Une continuité dans la pensée philosophico-politique contemporaine
Malgré ces quelques concepts dont la trace persiste mais dont l’utilisation scientifique décroit, le courant des Lumières a marqué profondément la Théorie politique. Cette marque se manifeste à travers deux courants de pensée mis à jour à cette période dont on retrouve une continuité directe avec les théoriciens du XVIIIe. Il s’agit du libéralisme et du républicanisme.
Nous pouvons considérer Montesquieu, J. Locke et I. Kant comme trois grands penseurs libéraux qui ont forgé le courant et qui lui ont insufflé ses terminologies modernes, toujours utilisées en pensée politique à l’heure actuelle. Cette continuité apparait clairement chez John Rawls[7] — considéré comme l’un des plus grands penseurs libéraux contemporain. La théorie de Rawls se fonde sur deux principes : un droit étendu à la liberté et une justification conditionnelle des inégalités socio-économiques (principe de différence et principe d’égalité des chances)[8]. Le premier principe, celui de la liberté, est supérieur aux autres : « la liberté ne peut être limitée qu’au nom de la liberté. »[9] Ce qui n’est pas sans rappeler la défense absolue de la liberté par Montesquieu[10].
Kant peut être considéré comme un libéral de par sa conception du « moi » : l’individu n’est libre que s’il est capable de se distancer de ses caractéristiques sociales et de juger par sa raison. C’est cette même conception que nous retrouvons chez Rawls. Ce dernier voit le « moi » comme étant « premier par rapport à ce qu’il défend »[11], ce qui se traduit conceptuellement par le voile d’ignorance. Voile que les individus ont dans une position originaire, qui précède toute forme de société et dans laquelle les individus doivent faire un choix de société future sans rien connaître de leur identité.
D’autre part, Jean Jacques Rousseau peut être considéré comme un des auteurs clefs du républicanisme, notamment par son ouvrage Du Contrat Social, qui, à l’instar des écrits libéraux de l’époque, est toujours utilisé dans ses acceptions originelles.

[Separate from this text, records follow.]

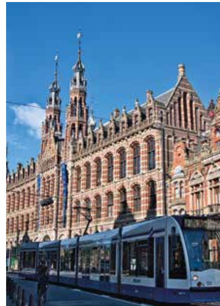
Backstein, Türme, Tram: Amsterdams Hauptbahnhof zieht die Blicke auf sich.

Amsterdam ist längst nicht mehr nur Sehnsuchtsort, sondern auch Beispiel dafür, wie aus beliebt „zu beliebt“ werden kann. 2024 gab es in der Stadt rund 23 Millionen touristische Übernachtungen – und damit mehr als das, was die Stadt eigentlich als Zielmarke ausgerufen hatte. Die Reaktion darauf: Amsterdam versucht, den Massentourismus zu bremsen, etwa mit strengeren Regeln, wie beispielsweise einem Stopp für neue Hotels, wenn sie nicht an anderer Stelle ersetzt werden.
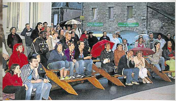
Malgré le temps incertain, quelque 200 personnes ont assisté au spectacle de rue des établissements « Morel et Morel », un spectacle dont on se souviendra.

Festival Fisel : 200 personnes au spectacle de rue
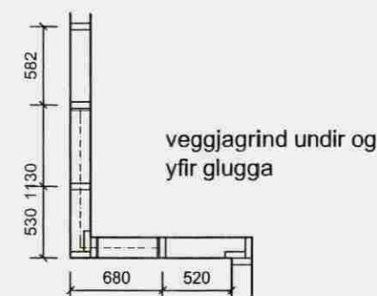
grunnmynd - veggjagrindur 1:50
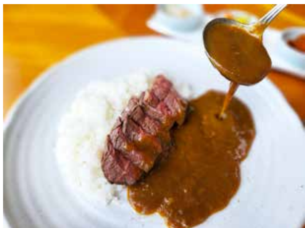
ビーフステーキカレー Beef Steak Curry Rice
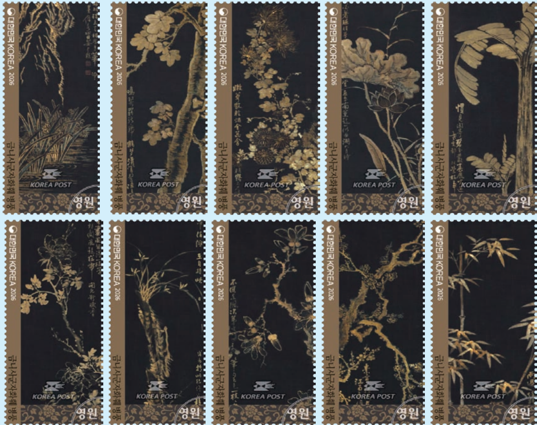
圖 232 ~ 圖 241

的「金泥」創作，這種顏料在捕捉光線時，會散發出溫潤且優雅的金屬光澤。構圖上打破傳統「四君子：梅、蘭、菊、竹」的範疇，大膽將象徵高貴與清雅的辛夷（木蘭）、牡丹、芭蕉、蓮花、梧桐與水仙融入其中。每摺屏風的植物線條細膩、構圖嚴謹，展現出宮廷藝術的高度美感。（奇尼）
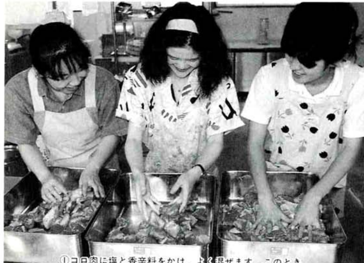
①こ肉に塩と香辛料をかけ、よく混ぜます。このとき手やバットは冷たくしておきましょう。冷たいほうがひき肉にして混ぜたとき肉のくっつきがよいのだそうです。

材料（8.5kg分）…豚のこ肉10kg（肩、モモ、バラなどで、脂肪分を10%位に。冷凍肉は、練ってもまとまりにくいので注意）、食塩300g、香辛料（コショウ、月桂樹の葉、タイムなど）、牛乳500cc、卵10こ、豚の腸（または羊の腸。豚の方が太くて詰りやすい）
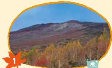
1 ふじさんふじのみやぐちごごめ 富士山富士宮口五合目 10月4日から20日頃 (イタドリ、ナナカマド、カラ松)

日本一の標高差のある富士宮市は、海拔の高い山腹の富士山地区や、北部地区からだんだんと紅葉が見頃を迎えます。富士山五合目は10月上旬から色づき始め、市内の各場所で12月上旬までの約2ヶ月間、紅葉の景色を楽しむことができます。特に 白糸ノ滝 は、滝を覆うように茂っているウルシやカエデが紅く美しく色づき、白く輝きながら流れる滝と相まって、この時期にしか見られない絶景を作り出します。
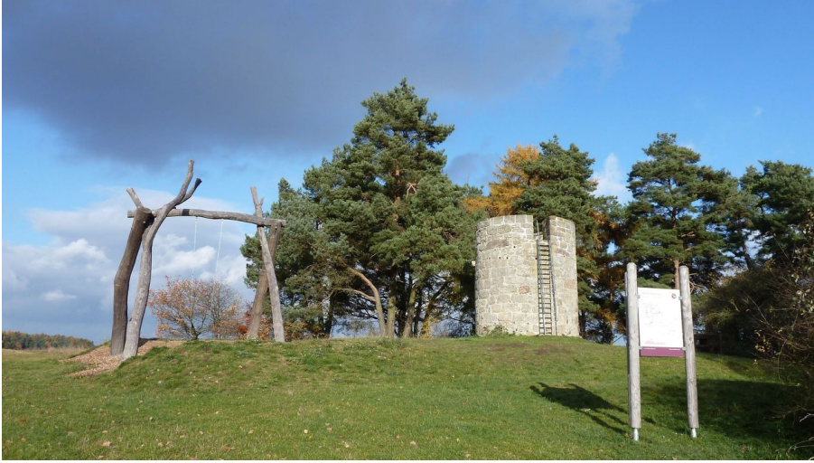
Warte Himmelsschaukel Naumburg

Le penseur genevois part de l’idée que l’Homme est Bon par nature, et que la société va transformer son amour pour soi (comparable à la volonté de conservation chez Hobbes) en un amour-propre, égoïste. Dès lors, seul un pacte — le fameux contrat social — passé entre les individus va permettre de sortir de cet égoïsme et préservera le « vivre ensemble ». Ce contrat est basé sur une certaine vision du bien partagée par tous. Cette idée se retrouve dans la pensée politique communautarienne où l’État doit ouvertement défendre les conceptions du bien propre à la communauté qui le constitue : c’est « la politique du bien commun »[12]. Ainsi, contrairement aux libéraux, l’État prôné par le Républicanisme n’est pas neutre et doit prôner des « horizons de sens légitimes »[13].
Pourtant, même à travers cette distinction qui parait claire, l’héritage des Lumières se brouille parfois
Conclusion
Certains concepts fondateurs du courant des Lumières sont donc aujourd’hui d’avantage des concepts à valeur historique que réellement scientifique ; mais les conceptions fondatrices libérales et républicaines continuent toujours d’exister dans la pensée politique contemporaine. Pourtant, même à travers cette distinction qui parait claire, l’héritage des Lumières se brouille parfois. La précision de la théorie rawlsienne dans Libéralisme politique[14] illustre bien ce phénomène : libéralisme et républicanisme semblent se confondre puisque Rawls semble parler — mais sans le nommer ainsi — d’un bien commun qu’il faudrait promouvoir : la démocratie. Toute la portée universaliste de Rawls s’estompe et avec elle l’héritage libéral des Lumières devient flou.